§ Data provided
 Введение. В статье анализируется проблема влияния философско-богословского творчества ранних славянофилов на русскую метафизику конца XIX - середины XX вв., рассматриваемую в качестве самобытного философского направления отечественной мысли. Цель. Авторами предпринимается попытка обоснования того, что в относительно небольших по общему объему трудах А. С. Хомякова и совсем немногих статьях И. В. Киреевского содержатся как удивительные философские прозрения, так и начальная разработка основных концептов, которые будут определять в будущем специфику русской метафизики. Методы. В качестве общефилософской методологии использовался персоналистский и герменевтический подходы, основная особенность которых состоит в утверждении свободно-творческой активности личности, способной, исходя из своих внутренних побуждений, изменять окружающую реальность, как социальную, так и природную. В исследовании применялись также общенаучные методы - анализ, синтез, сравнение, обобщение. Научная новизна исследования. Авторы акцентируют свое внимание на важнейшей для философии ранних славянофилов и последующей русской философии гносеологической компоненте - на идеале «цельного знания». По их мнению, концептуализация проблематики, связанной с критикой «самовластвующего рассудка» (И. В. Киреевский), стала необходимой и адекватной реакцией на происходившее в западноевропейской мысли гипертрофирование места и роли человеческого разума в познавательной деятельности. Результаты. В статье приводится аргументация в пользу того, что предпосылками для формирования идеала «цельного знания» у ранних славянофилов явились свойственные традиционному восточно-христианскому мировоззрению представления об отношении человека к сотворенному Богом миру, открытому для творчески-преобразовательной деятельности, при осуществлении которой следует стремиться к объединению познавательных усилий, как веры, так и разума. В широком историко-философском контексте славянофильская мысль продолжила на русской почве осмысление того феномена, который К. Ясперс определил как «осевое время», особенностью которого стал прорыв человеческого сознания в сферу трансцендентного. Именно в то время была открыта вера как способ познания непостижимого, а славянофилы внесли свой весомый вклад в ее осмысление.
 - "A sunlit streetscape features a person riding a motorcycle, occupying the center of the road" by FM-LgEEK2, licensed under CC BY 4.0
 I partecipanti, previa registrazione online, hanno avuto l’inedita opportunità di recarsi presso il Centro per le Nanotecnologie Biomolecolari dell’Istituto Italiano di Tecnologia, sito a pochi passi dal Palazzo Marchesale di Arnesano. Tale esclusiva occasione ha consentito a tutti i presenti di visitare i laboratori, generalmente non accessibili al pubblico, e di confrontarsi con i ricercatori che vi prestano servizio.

§ How to complete this task
Reproduce the material. Keep every word as written.

§ Response to the task
 Введение. В статье анализируется проблема влияния философско-богословского творчества ранних славянофилов на русскую метафизику конца XIX - середины XX вв., рассматриваемую в качестве самобытного философского направления отечественной мысли. Цель. Авторами предпринимается попытка обоснования того, что в относительно небольших по общему объему трудах А. С. Хомякова и совсем немногих статьях И. В. Киреевского содержатся как удивительные философские прозрения, так и начальная разработка основных концептов, которые будут определять в будущем специфику русской метафизики. Методы. В качестве общефилософской методологии использовался персоналистский и герменевтический подходы, основная особенность которых состоит в утверждении свободно-творческой активности личности, способной, исходя из своих внутренних побуждений, изменять окружающую реальность, как социальную, так и природную. В исследовании применялись также общенаучные методы - анализ, синтез, сравнение, обобщение. Научная новизна исследования. Авторы акцентируют свое внимание на важнейшей для философии ранних славянофилов и последующей русской философии гносеологической компоненте - на идеале «цельного знания». По их мнению, концептуализация проблематики, связанной с критикой «самовластвующего рассудка» (И. В. Киреевский), стала необходимой и адекватной реакцией на происходившее в западноевропейской мысли гипертрофирование места и роли человеческого разума в познавательной деятельности. Результаты. В статье приводится аргументация в пользу того, что предпосылками для формирования идеала «цельного знания» у ранних славянофилов явились свойственные традиционному восточно-христианскому мировоззрению представления об отношении человека к сотворенному Богом миру, открытому для творчески-преобразовательной деятельности, при осуществлении которой следует стремиться к объединению познавательных усилий, как веры, так и разума. В широком историко-философском контексте славянофильская мысль продолжила на русской почве осмысление того феномена, который К. Ясперс определил как «осевое время», особенностью которого стал прорыв человеческого сознания в сферу трансцендентного. Именно в то время была открыта вера как способ познания непостижимого, а славянофилы внесли свой весомый вклад в ее осмысление.
 - "A sunlit streetscape features a person riding a motorcycle, occupying the center of the road" by FM-LgEEK2, licensed under CC BY 4.0
 I partecipanti, previa registrazione online, hanno avuto l’inedita opportunità di recarsi presso il Centro per le Nanotecnologie Biomolecolari dell’Istituto Italiano di Tecnologia, sito a pochi passi dal Palazzo Marchesale di Arnesano. Tale esclusiva occasione ha consentito a tutti i presenti di visitare i laboratori, generalmente non accessibili al pubblico, e di confrontarsi con i ricercatori che vi prestano servizio.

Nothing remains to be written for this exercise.